HEJ Run inefficiency - Githubissues

scarlehoff / pyHepGrid

Tool for distributed computing management geared towards HEP applications.

GNU General Public License v3.0

6 stars 4 forks source link

HEJ Run inefficiency #42

Open JBlack93 opened 4 years ago

JBlack93 commented 4 years ago

Currently the runcard set up for HEJ is very rigid.

dictCard = { # first: -r second: -j                                                                             
  # we use -r as the name and -j as the runcard                                                                 
    # 'Wp2j_mw_13TeV-all': 'config_all',                                                                        
    'Wp2j_HT2_13TeV-all':'config_all'
}

The nature of the runcard set up is such that in the example given above, the runname (Wp2j_HT2_13TeV-all) is mapped to the config config_all. This is fine, except that in HEJ we often want to run several different config files for the purposes of analysis and results presentation. Given that the Sherpa part of the job is a significant percentage of the runtime, this leads to a huge inefficiency in generating FO input for each job.

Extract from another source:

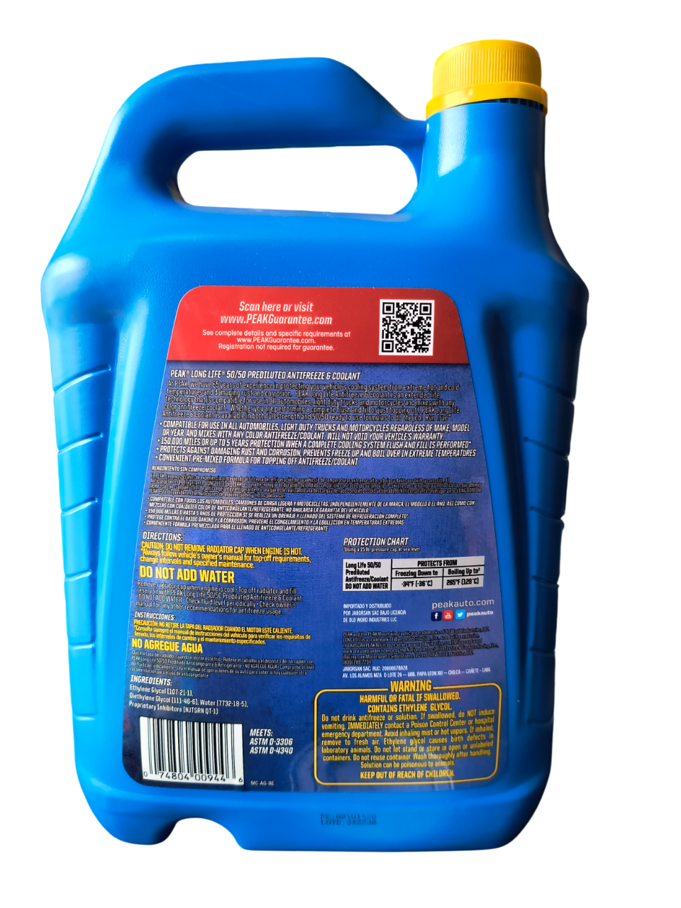 Peak Long Life 50% ofrece protección extendida contra la corrosión, el sobrecalentamiento y la cavitación. Su tecnología orgánica (OAT) sin silicatos garantiza una vida útil prolongada y compatibilidad con todos los metales del sistema de enfriamiento, ideal para vehículos modernos a gasolina y diésel.

JBlack93 commented 4 years ago

Proposal for a solution:

Rather than starting from calculating FO each time, running each config on top of it Ie:1 job would look like :

Sherpa -> HEJ config_all -> HEJ config_FKL -> HEJ config_subleading -> HEJ config_Matching

Rather than:4 Jobs with much redundancy:

Sherpa -> HEJ config_all Sherpa -> HEJ config_FKL Sherpa -> HEJ config_subleading Sherpa -> HEJ config_Matching

This could be achieved by pattern matching the config_* .yml files.